§ **MATERIAL PROVIDED**:

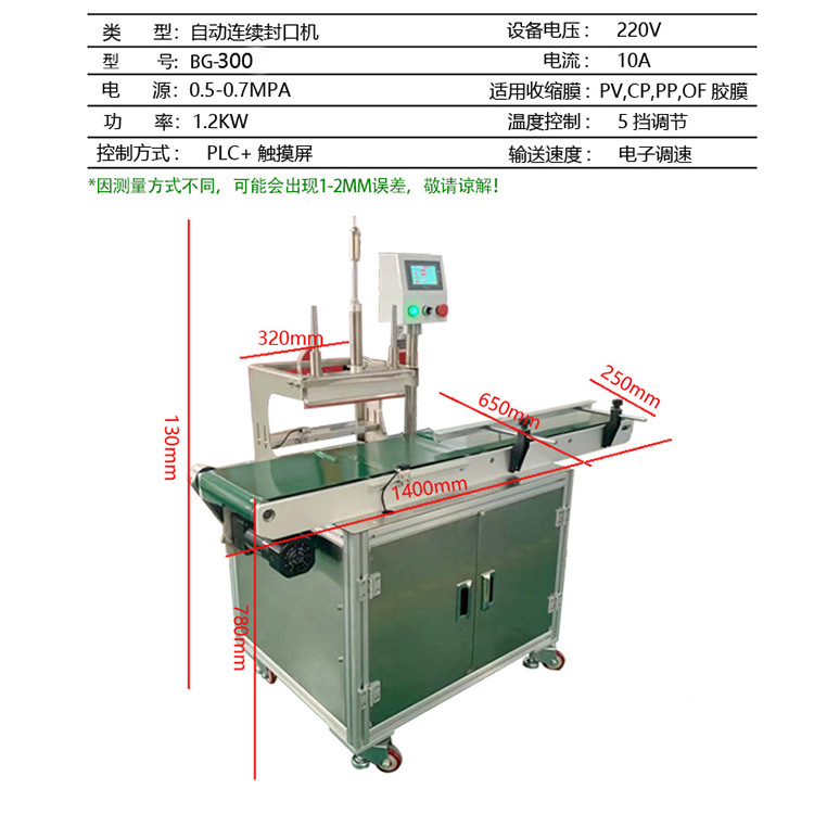其特點(diǎn)包括封口速度快、封口質(zhì)量穩(wěn)定、操作簡(jiǎn)便等。不同型號(hào)的連續(xù)式封口機(jī)在封口寬度、封口溫度控制、適用包裝材料等方面可能會(huì)有所差異。
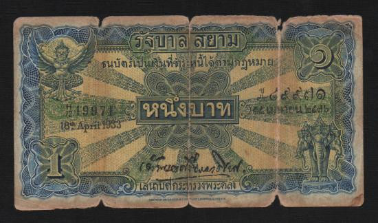 วัดใจ Rare Item รุ่นหายาก ธนบัตรรัชกาลที่ 8 แบบที่ 7 ชนิด 1 บาท โรงพิมพ์เอกชนภายในประเทศ ควบคุมโดยธนาคารแห่งประเทศไทย ปี พ.ศ 2488 |
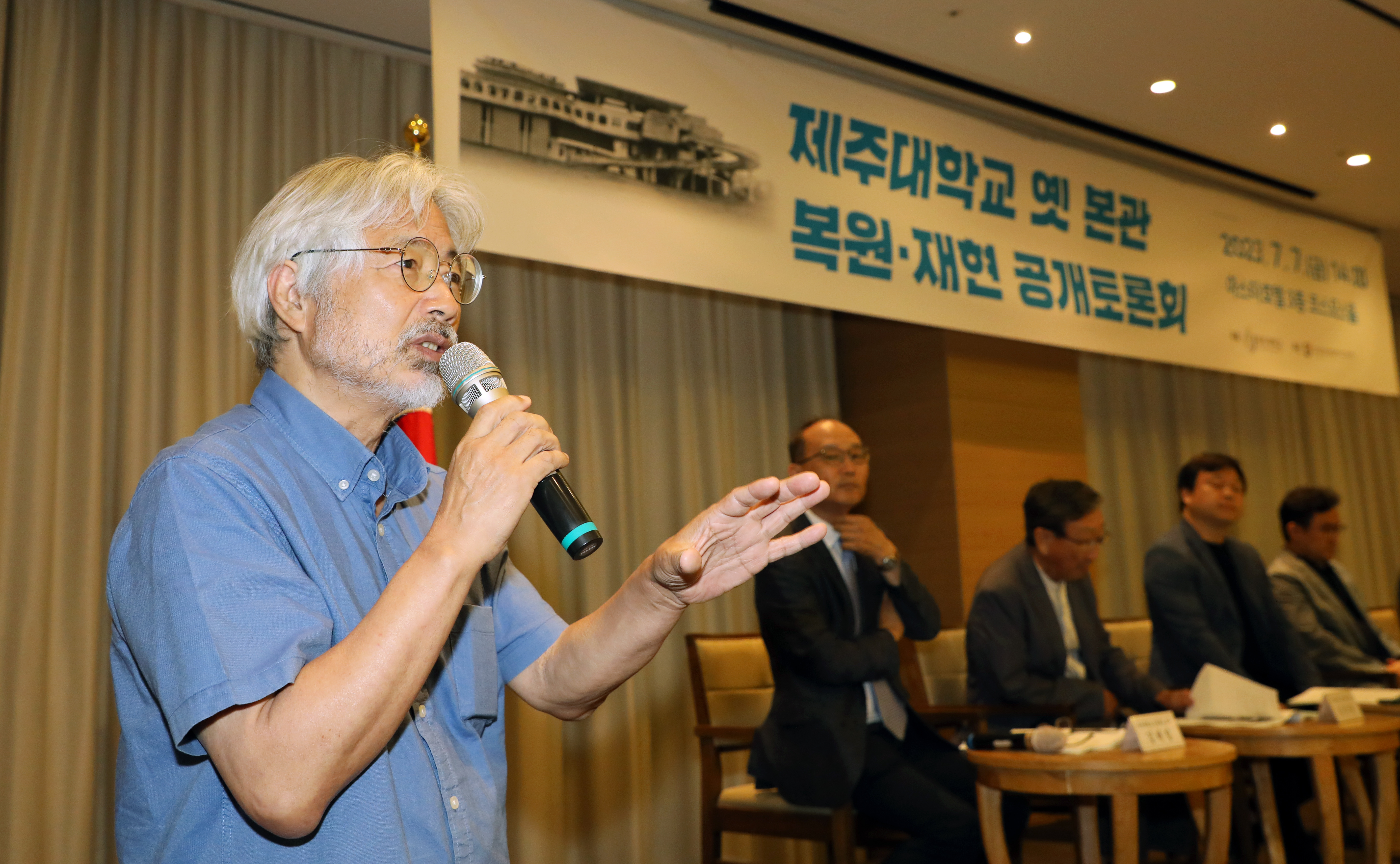 7월 7일 제주 아스타호텔에서 ‘제주대학교 옛 본관 복원·재현 공개토론회’가 열렸다. 이날 토론자들이 의견을 발표하고 있다. (왼쪽부터) 좌장을 맡은 김태일 제주대학교 건축학부 교수, 토론자 김석윤 건축사(건축사사무소 김건축), 김정현 홍익대학교 건축학부 교수, 박경택 한국건축가협회 제주건축가회 부회장, 이주연 건축평론가, 정다영 국립현대미술관 학예연구사
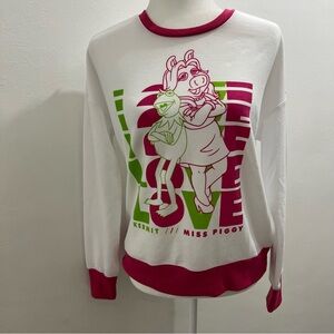 Disney Women's White and Pink Kermit & Miss Piggy Top size M EUC
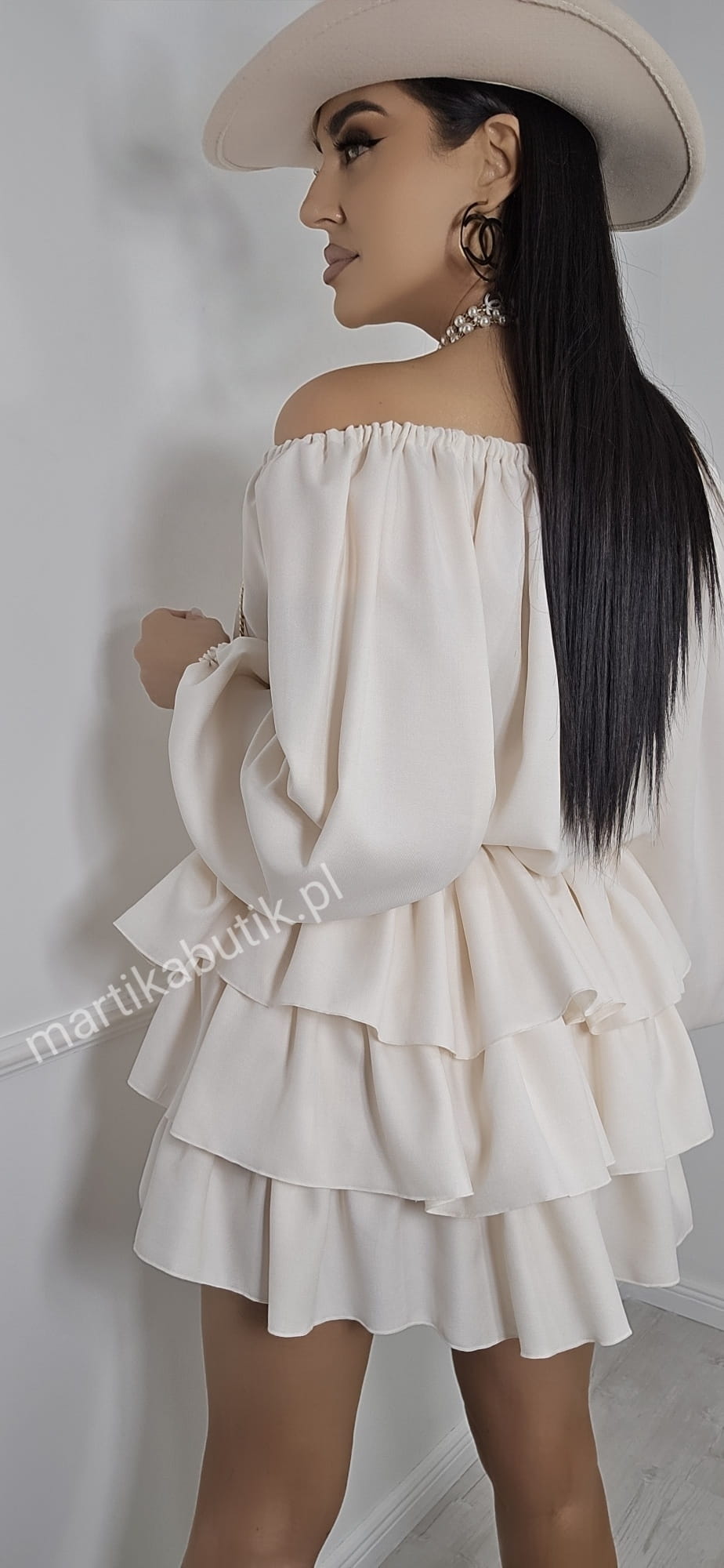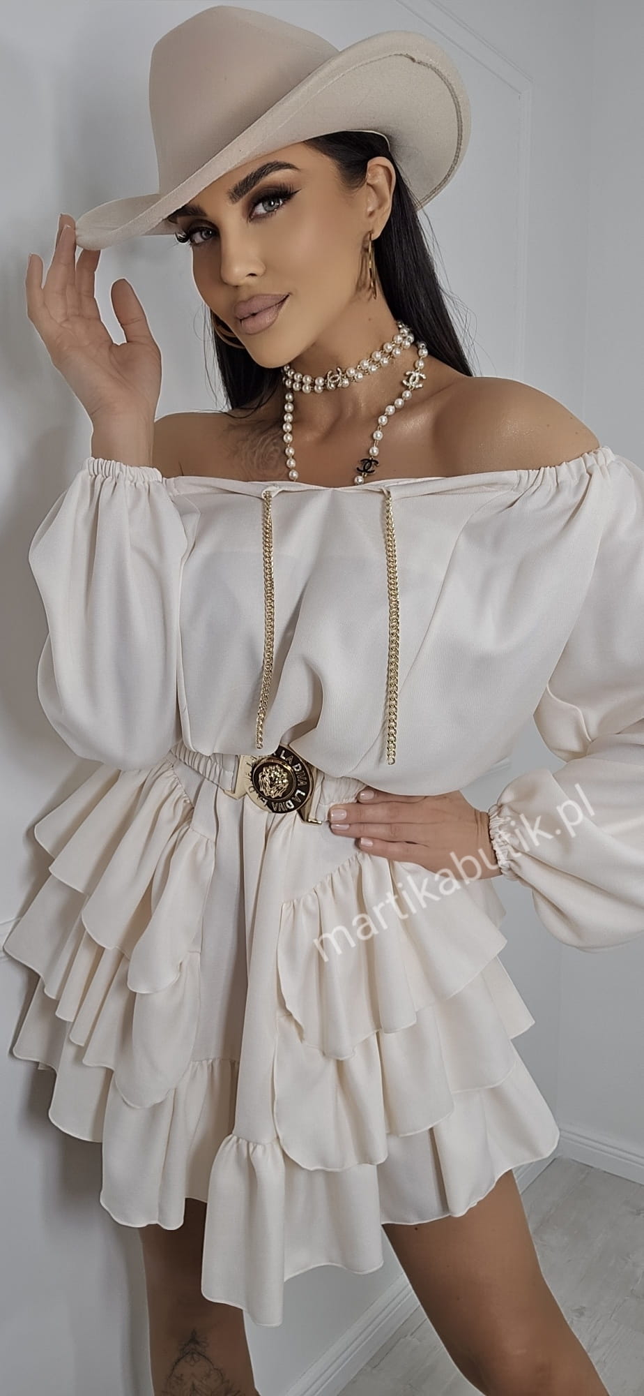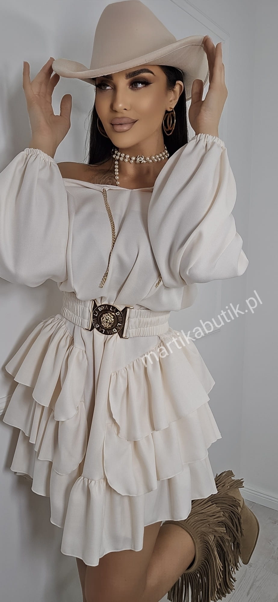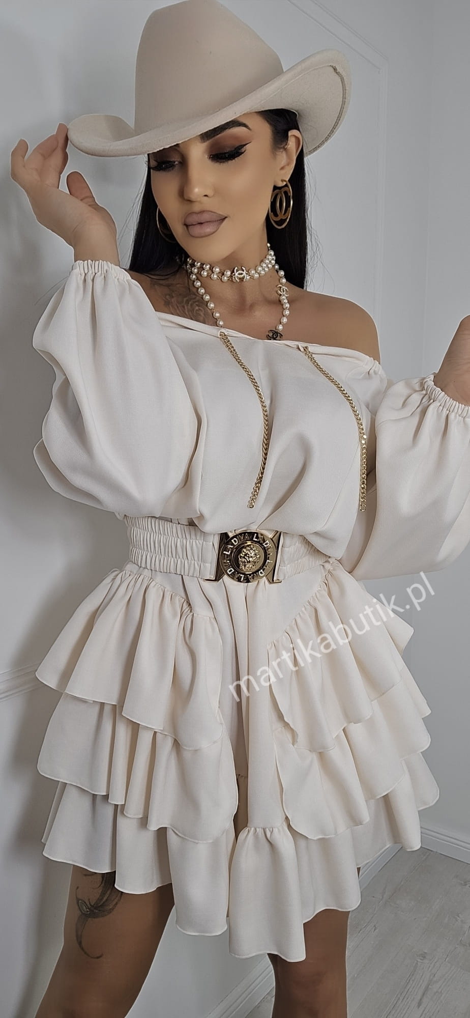 Bogate falbanki, marszczony pasek ze złotą klamrą w komplecie, dzięki któremu sama regulujesz długość sukienki.

§ **TASK DIRECTIONS**: Would you output the data above exactly as written, but with no images?

§ **WORKED SOLUTION**:
其特點(diǎn)包括封口速度快、封口質(zhì)量穩(wěn)定、操作簡(jiǎn)便等。不同型號(hào)的連續(xù)式封口機(jī)在封口寬度、封口溫度控制、適用包裝材料等方面可能會(huì)有所差異。
 วัดใจ Rare Item รุ่นหายาก ธนบัตรรัชกาลที่ 8 แบบที่ 7 ชนิด 1 บาท โรงพิมพ์เอกชนภายในประเทศ ควบคุมโดยธนาคารแห่งประเทศไทย ปี พ.ศ 2488 |
 7월 7일 제주 아스타호텔에서 ‘제주대학교 옛 본관 복원·재현 공개토론회’가 열렸다. 이날 토론자들이 의견을 발표하고 있다. (왼쪽부터) 좌장을 맡은 김태일 제주대학교 건축학부 교수, 토론자 김석윤 건축사(건축사사무소 김건축), 김정현 홍익대학교 건축학부 교수, 박경택 한국건축가협회 제주건축가회 부회장, 이주연 건축평론가, 정다영 국립현대미술관 학예연구사
 Disney Women's White and Pink Kermit & Miss Piggy Top size M EUC
 Bogate falbanki, marszczony pasek ze złotą klamrą w komplecie, dzięki któremu sama regulujesz długość sukienki.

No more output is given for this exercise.